Dr Douglas Vernimmen

Chancellors Fellow/Research Fellow


Douglas Vernimmen read Biology (BSc) and Molecular Biology (MSc) and gained his PhD in Biochemistry at the University of Liège (Belgium) in 2003. His work was under the supervision of Dr Rosita Winkler (Department of Pathology, Prof Boniver), and was focused on the characterisation of an enhancer element involved in the overexpression of an oncogene in breast cancers.

Afterwards, he moved to the University of Oxford (England) in the Weatherall Institute of Molecular Medicine as a MRC Postdoctoral fellow, under the supervision of Prof Doug Higgs (Molecular Haematology Unit). Using alpha globin regulation as a model, he showed the role of enhancer elements into the recruitment of transcription factors but also chromosomal looping and the epigenetic changes required for gene transcription.

During these years, Doug has developed an international reputation in the gene transcription field, and more particularly in chromosome looping studies where he developed a quantitative method to measure interaction between different DNA elements (q3C, Chromosome Conformation Capture). Overall, his work has always been dedicated to the understanding of how mammalian genes are switched on and off during differentiation to control cell fate and to specify different lineages, but also how genes are abnormally regulated in genetic diseases such as cancer and thalassaemia.

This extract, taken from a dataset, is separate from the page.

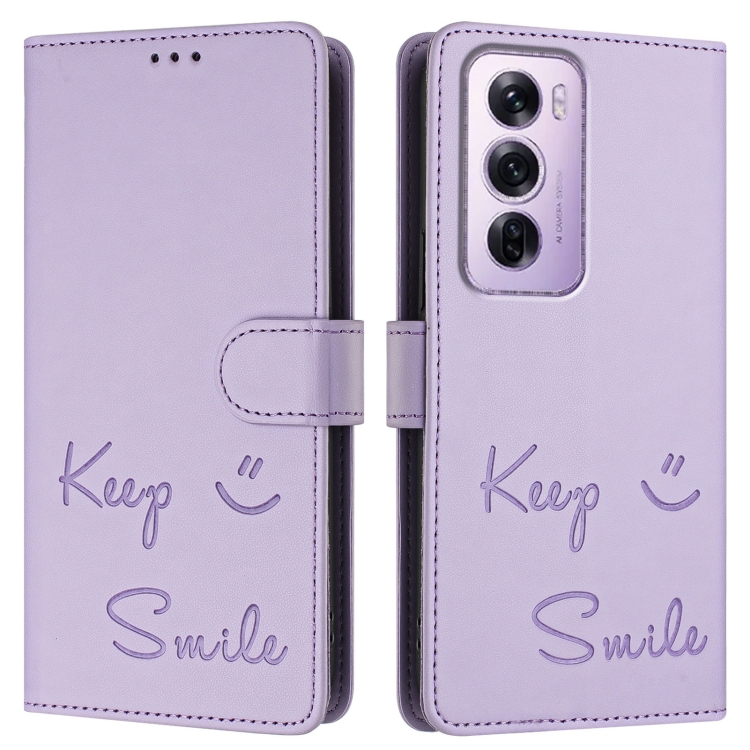 Funda de Cuero Rfid con Relieve Global Smile para Oppo Reno12 Pro (Morado Claro)

Beside his scientific work, Douglas is also the recipient of over 200 awards and distinctions for his international contribution to Photography, and recently published a book, “Oxford Through the Lens”, aiming to fund scholarships at the University of Oxford.


2016 Excellence of the Photographic Society of America, EPSA

2012 Excellence of the International Federation of Photographic Art, EFIAP

2008 Licentiateship of The Royal Photographic Society, LRPS

Education/Academic qualification

1996 Doctor of Science, University of Liège Characterisation of a transcription factor involved in HER2 gene overexpression in breast cancers

1994 Master of Science, University of Liège Characterisation of cis sequence of the HER2 gene promoter in the BT-474 human mammary adenocarcinoma cell line

1992 Bachelor of Science, University of Liège


Responsibilities & affiliations

Genetics Society: Local Representative for the Roslin Institute

Genetics Society: Ordinary Committee Member (Representative for Area A - Gene Structure, Function and Regulation)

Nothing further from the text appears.